The humble bricklayer may also be at risk of automation.  A new robot, called the semi-automated mason (or SAM), offers automated bricklaying services.

The robot will perform many of the more rote tasks associated with bricklaying, such as picking up the bricks, applying the mortar and placing them in the correct location.

Such advances are driven by advances such as the recent MIT project to improve collaboration and coordination between robots.

Robots in the Shipyard

A recent EU backed project is bringing such technologies to the shipyard.  The CARLOS project was recently completed to showcase the use of automation in a semi-structured environment.

It’s the kind of environment that has traditionally stumped researchers.  Most modern shipyards utilize block construction, whereby chunks of the ship are constructed in the ship yard and then joined together at the building dock.

It’s very repetitive, not to mention dangerous, and is typically done by manual labor.  The environment has proven beyond automation, until now at least.

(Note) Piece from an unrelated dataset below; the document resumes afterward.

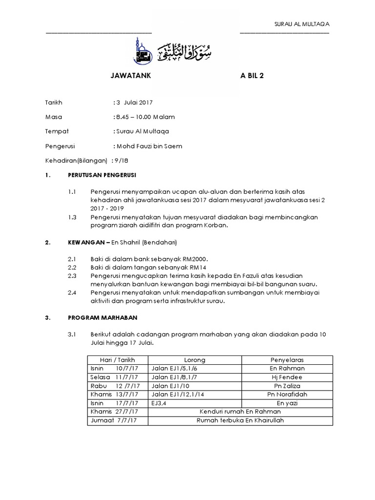 Minit mesyuarat surau. Pembubaran majlis ahli jawatankuasa sesi 20132014 dan. Dewan Sekolah Masa. Mohd Hasrudin bin Tukiran Masa 900 1100 mlm Pengerusi En.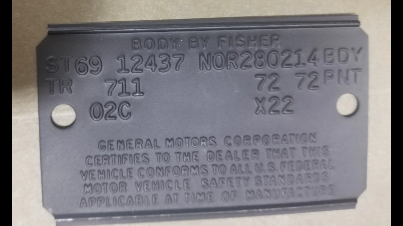 reported VIN 124379N694129 N694129 was final assembled on or about October 3, 1969. Car has a non-original 12A [1st week December 1968] body tag. The upper dash panel has been replaced, breaching the factory VIN tag installation. Both tags may not be original to the car; hidden VINs should be verified. Car recently sold at the 2025 Mecum Indy auction.

The initial trials of CARLOS showed that it was capable of performing semi-autonomous navigation within the various blocks of the ship.  It navigated using data from the CAD file and was capable of performing stud welding and mark information onto cabin walls to support the work of human laborers.

Collaborative Robots

The researchers used many of the collaborative techniques demonstrated in the MIT project mentioned earlier to allow the robots to cooperate in the complex environments in which they were placed.

The team hope that CARLOS will eventually be capable of operating in a host of industrial and civil construction sectors, with the eventual aim being that it provide a strong competitive edge to European based manufacturers.

The project was recently awarded first prize in the FreeBots competition at the Festival Nacional de Robótica, a Portuguese national robotics competition that aims to show off cutting edge R&D.